The controller, a longtime opponent of massive tax hikes, was a member of the Assembly in 2003 when he was among 15 Republicans who blocked a proposed record $1 billion plan to tax gross business receipts under then-Gov. Kenny Guinn.

“I’m not trying to pick a fight with the governor,” Knecht said. “I’m trying to make a positive, constructive contribution.”

So far, Sandoval appears to have ignored the two Republicans’ attempts to influence the budget process in the latest example of divisions in the executive branch. The moderate governor is surrounded by conservatives who won office Nov. 4 thanks to a red wave of voters and low Democratic turnout.

Only Lt. Gov. Mark Hutchison, who was recruited by Sandoval to run as his No. 2, has not given the governor heartburn this year.

Last month, Attorney General Adam Laxalt had Nevada join with 25 other states in a lawsuit challenging President Barack Obama’s executive actions on immigration.
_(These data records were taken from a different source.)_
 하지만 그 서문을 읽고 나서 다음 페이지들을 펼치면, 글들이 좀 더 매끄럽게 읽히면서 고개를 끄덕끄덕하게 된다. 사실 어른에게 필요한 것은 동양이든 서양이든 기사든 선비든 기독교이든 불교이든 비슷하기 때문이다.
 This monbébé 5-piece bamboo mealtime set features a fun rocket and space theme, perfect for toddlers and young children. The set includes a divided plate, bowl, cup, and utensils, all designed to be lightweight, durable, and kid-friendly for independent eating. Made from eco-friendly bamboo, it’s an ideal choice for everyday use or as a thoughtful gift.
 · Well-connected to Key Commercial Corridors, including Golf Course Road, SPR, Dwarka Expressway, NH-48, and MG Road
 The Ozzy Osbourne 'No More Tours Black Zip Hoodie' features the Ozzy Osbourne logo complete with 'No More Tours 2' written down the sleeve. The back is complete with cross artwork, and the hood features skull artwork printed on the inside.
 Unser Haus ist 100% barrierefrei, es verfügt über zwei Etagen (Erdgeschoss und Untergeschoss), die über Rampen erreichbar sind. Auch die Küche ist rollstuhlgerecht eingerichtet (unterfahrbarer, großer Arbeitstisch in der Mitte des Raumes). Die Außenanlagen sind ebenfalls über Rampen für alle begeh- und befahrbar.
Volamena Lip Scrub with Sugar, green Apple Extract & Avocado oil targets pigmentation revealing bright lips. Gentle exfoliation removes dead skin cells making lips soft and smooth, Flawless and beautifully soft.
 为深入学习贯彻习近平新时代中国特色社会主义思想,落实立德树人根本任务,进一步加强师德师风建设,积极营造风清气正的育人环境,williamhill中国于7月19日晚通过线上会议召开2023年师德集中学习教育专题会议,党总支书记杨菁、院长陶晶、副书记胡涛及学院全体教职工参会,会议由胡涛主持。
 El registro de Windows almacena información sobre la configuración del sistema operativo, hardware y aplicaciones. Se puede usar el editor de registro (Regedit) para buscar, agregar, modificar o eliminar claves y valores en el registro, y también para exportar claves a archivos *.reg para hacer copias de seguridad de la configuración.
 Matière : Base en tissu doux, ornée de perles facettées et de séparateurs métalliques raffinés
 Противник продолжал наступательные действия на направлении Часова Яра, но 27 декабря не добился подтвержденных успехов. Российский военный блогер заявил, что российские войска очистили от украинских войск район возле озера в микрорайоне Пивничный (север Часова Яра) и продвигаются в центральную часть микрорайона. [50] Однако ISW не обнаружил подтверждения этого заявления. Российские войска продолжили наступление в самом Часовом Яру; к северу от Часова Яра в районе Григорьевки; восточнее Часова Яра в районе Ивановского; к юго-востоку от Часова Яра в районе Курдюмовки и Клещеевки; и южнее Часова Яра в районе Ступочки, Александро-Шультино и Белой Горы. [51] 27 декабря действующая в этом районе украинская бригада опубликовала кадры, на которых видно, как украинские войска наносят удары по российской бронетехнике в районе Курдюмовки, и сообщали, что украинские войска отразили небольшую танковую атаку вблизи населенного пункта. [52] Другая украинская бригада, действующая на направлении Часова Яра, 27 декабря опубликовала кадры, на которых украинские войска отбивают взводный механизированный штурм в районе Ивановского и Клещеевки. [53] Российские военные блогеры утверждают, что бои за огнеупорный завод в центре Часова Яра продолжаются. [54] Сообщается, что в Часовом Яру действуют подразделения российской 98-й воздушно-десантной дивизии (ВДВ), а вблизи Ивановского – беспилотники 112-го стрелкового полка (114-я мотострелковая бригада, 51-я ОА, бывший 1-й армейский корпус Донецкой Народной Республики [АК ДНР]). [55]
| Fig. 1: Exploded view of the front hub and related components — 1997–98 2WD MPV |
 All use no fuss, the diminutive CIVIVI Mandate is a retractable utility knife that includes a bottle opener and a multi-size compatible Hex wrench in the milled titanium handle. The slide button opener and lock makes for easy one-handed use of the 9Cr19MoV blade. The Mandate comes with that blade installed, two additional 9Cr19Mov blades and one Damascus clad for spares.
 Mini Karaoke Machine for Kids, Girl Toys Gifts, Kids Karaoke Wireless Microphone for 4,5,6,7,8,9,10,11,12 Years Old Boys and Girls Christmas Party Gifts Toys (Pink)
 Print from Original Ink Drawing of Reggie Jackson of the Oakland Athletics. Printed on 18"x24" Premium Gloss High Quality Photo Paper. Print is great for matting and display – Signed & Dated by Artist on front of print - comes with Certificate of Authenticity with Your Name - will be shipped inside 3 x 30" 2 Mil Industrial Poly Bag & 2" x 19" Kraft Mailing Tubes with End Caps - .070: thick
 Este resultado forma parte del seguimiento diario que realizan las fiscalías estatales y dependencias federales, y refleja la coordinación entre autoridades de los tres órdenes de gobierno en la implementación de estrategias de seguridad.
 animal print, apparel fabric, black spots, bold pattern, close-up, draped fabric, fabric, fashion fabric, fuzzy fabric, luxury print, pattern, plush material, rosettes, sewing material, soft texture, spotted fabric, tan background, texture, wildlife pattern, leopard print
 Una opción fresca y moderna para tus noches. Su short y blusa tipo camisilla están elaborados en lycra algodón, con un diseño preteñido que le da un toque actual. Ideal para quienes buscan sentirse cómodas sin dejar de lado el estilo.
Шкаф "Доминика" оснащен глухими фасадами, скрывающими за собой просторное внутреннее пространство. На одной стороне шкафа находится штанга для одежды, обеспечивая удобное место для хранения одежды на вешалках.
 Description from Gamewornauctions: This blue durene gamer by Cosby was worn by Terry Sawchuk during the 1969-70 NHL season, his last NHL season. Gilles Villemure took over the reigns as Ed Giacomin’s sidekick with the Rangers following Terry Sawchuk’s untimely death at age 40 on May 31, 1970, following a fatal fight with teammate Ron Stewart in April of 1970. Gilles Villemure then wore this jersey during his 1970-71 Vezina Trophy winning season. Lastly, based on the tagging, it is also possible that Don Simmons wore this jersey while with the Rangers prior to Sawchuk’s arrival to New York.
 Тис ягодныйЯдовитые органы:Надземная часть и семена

Laxalt didn’t discuss the suit with Sandoval before joining it.

Secretary of State Barbara Cegavske is promoting a voter ID program to require Nevadans to show government-issued identification to cast ballots, although she hasn’t yet released details of a bill. She plans to back a bill once a measure is introduced by a GOP lawmaker. Sandoval has supported the idea of voter ID in the past but has distanced himself from Cegavske’s plans.

Mark Peplowski, a political science professor at the College of Southern Nevada, said the GOP constitutional officers going their own way “is not conducive to party consistency or cohesion.” He noted that already there are divisions in the legislative ranks with conservative Republicans lining up to oppose Sandoval’s tax plan, especially in the Assembly.

“Now it appears there are going to be divisions in the executive ranks,” Peplowski said. “What looked like a few bright moments for Republicans to have control of everything is turning into a potential nightmare.”

Robert Lang, director of the Brookings Mountain West think tank, said Schwartz and Knecht are supposed to be carrying out regulatory functions, signing checks and making sure the bills are paid, not being involved in setting the state’s agenda.

Still, Lang said some officials who were elected Nov. 4 “feel they have a mandate as well” and, in fact, both Schwartz and Knecht campaigned on the idea that they would be proposing an alternative budget.

“They have their own little government going,” Lang said. “It is very unusual. The Legislature and the governor are charged with setting tax policy, passing budgets and setting the agenda. … If you want to do that, get elected governor.”